Controle financeiro: por que acesso, escopo e alçada precisam ser tratados como parte do processo

Orbit Gestão

Controle financeiro não significa simplesmente impedir pessoas de acessar informações.

Também não significa exigir aprovação para tudo.

Um bom modelo de governança financeira procura equilibrar três necessidades:

autonomia operacional;

segurança;

rastreabilidade.

Quando uma dessas dimensões domina completamente as outras, o processo se torna disfuncional.

Controle excessivo cria gargalos.

Autonomia sem limites cria exposição.

E processos que acontecem fora do sistema eliminam rastreabilidade.

Por isso, regras de acesso e aprovação precisam ser desenhadas com a mesma atenção dedicada ao plano de contas, orçamento ou fluxo de caixa.

Elas fazem parte da arquitetura financeira.

“Acesso ao financeiro” é uma permissão ampla demais

Em estruturas pouco maduras, os acessos costumam funcionar de forma binária.

A pessoa pode entrar no financeiro.

Ou não pode.

Mas a realidade da empresa é muito mais granular.

Uma pessoa pode precisar acessar contas a pagar sem visualizar toda a estrutura financeira.

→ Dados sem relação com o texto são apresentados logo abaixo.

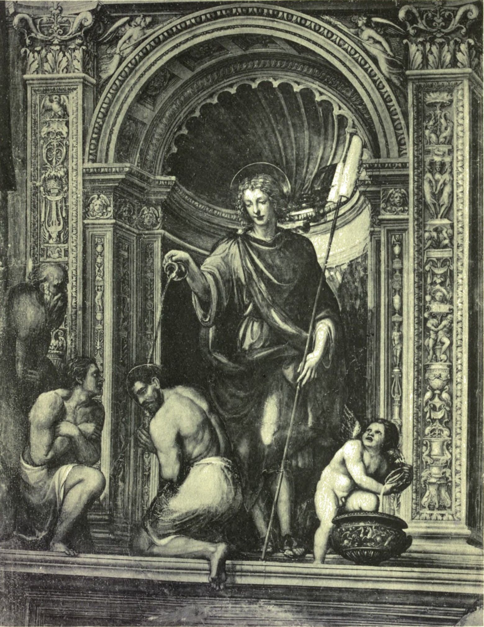 Likewise a Veronese is Paolo Farinato, an able painter, who, after having been a disciple of Niccolò Ursino,[12] has executed many works at Verona. The most important are a hall in the house of the Fumanelli, which he filled with various scenes in fresco-colours at the desire of Messer Antonio, a gentleman of that family, most famous as physician over all Europe, and two very large pictures in the principal chapel of S. Maria in Organo. In one of these is the story of the Innocents, and in the other is the scene when the Emperor Constantine causes a number of children to be brought before him, intending to kill them and to bathe in their blood, in order to cure himself of his leprosy. Then in the recess of that chapel are two pictures, large, but smaller than the others, in one of which is Christ receiving S. Peter, who is walking towards Him on the water, and in the other the dinner that S. Gregory gives to certain poor men. In all these works, which are much to be extolled, is a vast number of figures, executed with good design, study, and diligence. By the hand [Pg 241] of the same master is an altar-picture of S. Martino that was placed in the Duomo of Mantua, which he executed in competition with others his compatriots, as has just been related.

Outra pode precisar analisar determinado conjunto de fornecedores.

Um gestor pode aprovar despesas da própria área, mas não de outros departamentos.

Uma pessoa pode ter autonomia até determinado valor e depender de aprovação acima desse limite.

Por isso, é importante separar acesso geral de escopo.

No fluxo apresentado no treinamento, existe uma camada de privilégios que define acesso às grandes áreas e uma camada adicional que restringe as dimensões dentro dessas áreas.

Essa distinção muda a governança.

Privilégio responde “onde pode entrar?”

A primeira camada pode definir que determinada função tem acesso a contas a pagar.

Isso estabelece a grande área de atuação.

Mas ainda não determina necessariamente tudo o que essa pessoa pode enxergar ou executar.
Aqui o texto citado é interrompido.